Four foreign ministers meeting LIVE: Signing of India-US Critical Minerals Framework; Jaishankar, Rubio deal with rare earths | Today’s news

Quad Foreign Ministers Meeting LIVE: Foreign ministers of the four Quad nations met on Tuesday 26 May 2026 for their third meeting since September 2024, with the economic implications of the crisis in West Asia, Indo-Pacific security and cooperation on critical minerals dominating the packed agenda at a moment of considerable tension for the grouping.

Critical Minerals: A New Framework and a Bilateral Agreement between India and the US

At the meeting, US Secretary of State Marco Rubio announced the Quad Critical Minerals Framework, an initiative designed to strengthen critical minerals supply chains and their recycling across member states. India’s External Affairs Minister S. Jaishankar separately confirmed that New Delhi and Washington were finalizing a bilateral framework covering the security, mining and processing of critical minerals and rare earth materials, a development that signals deepening economic integration between the two countries outside the Quad multilateral framework.

Jaishankar: The Indo-Pacific must remain a driver of global growth

In his opening remarks, Jaishankar outlined India’s vision for the grouping’s role in the region, saying that the Indo-Pacific must remain “a driving force for global growth and stability” and that the Quad must work to ensure maritime security and support economic decisions across the region. Specifically, he called for “trustworthy and transparent” partnerships as the basis for establishing peace and prosperity in the Indo-Pacific.

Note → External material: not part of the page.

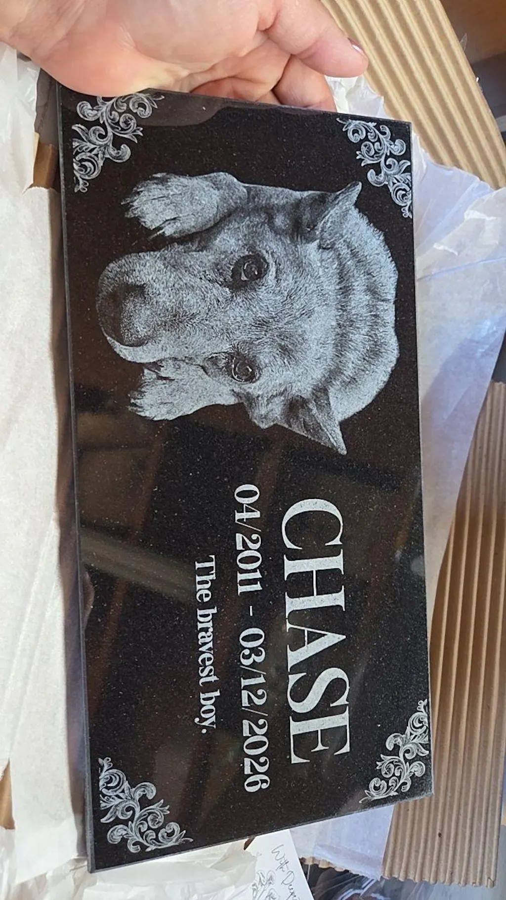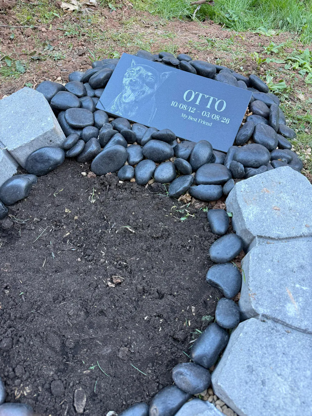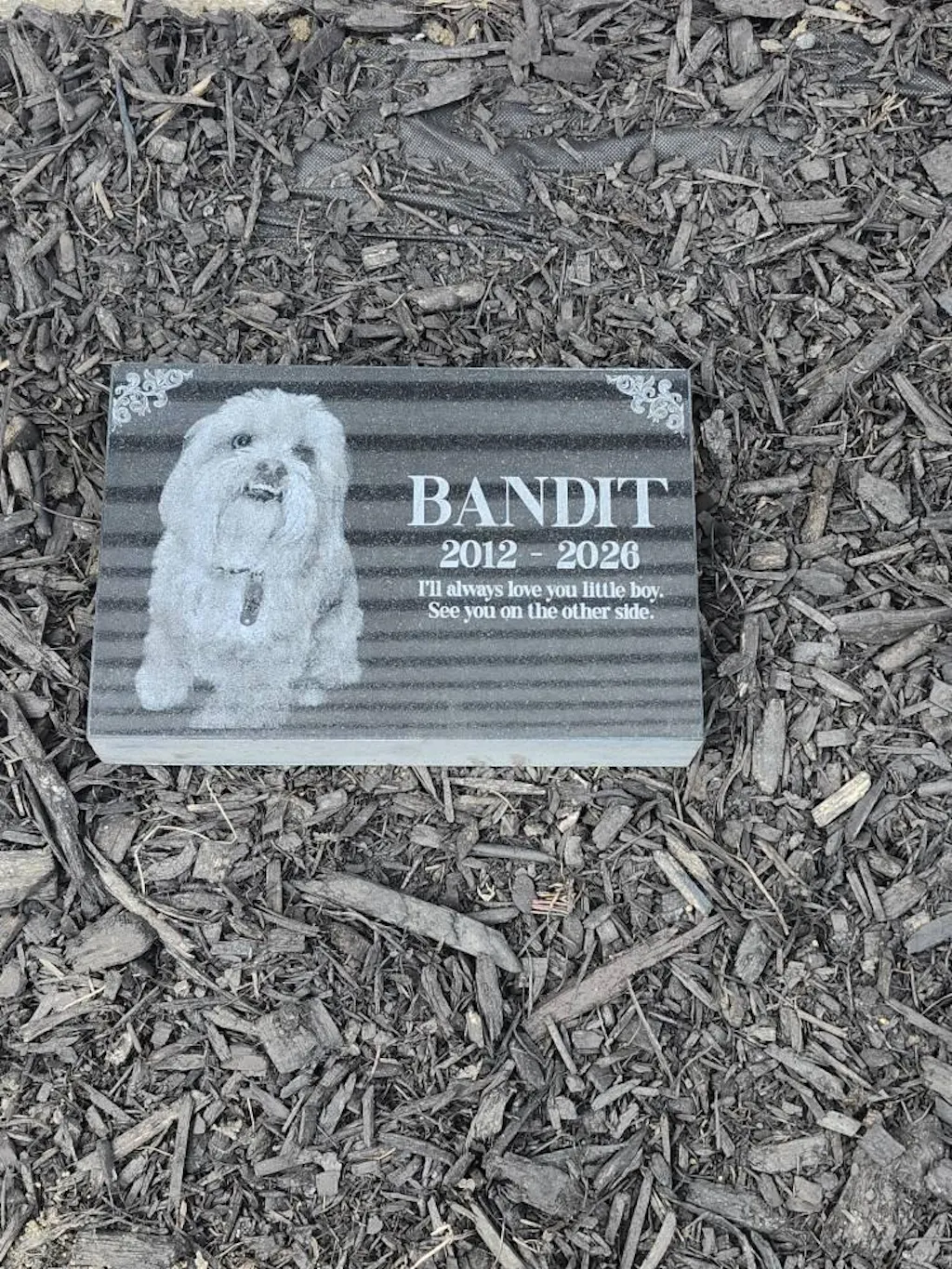 Our art department carefully creates a proof of your pet grave marker before anything is engraved, and we only proceed once you give final approval. The engraved pet memorial is laser-etched with your pet’s photo and any special message you wish to include, ensuring your pet’s memory is preserved beautifully. With exceptional durability and weather resistance, these pet memorial stones will endure the elements while serving as a meaningful tribute to the loss of your family’s cherished pet.

Who attended and what has changed since July 2025

The meeting brought together Australian Penny Wong, Jaishankar, Japanese Toshimitsu Motegi and Rubio. When ministers last met on July 1, 2025, they streamlined the grouping’s goals into four areas: maritime and transnational security, economic prosperity and security, humanitarian assistance and emergency response, and the launch of the Quad Critical Minerals Initiative. Since then, US-Israeli strikes on Iran and a series of actions by the Trump administration have raised questions about the grouping’s cohesion and direction, adding urgency to Tuesday’s meeting as the four ministers sought to renew and reaffirm their collective mandate.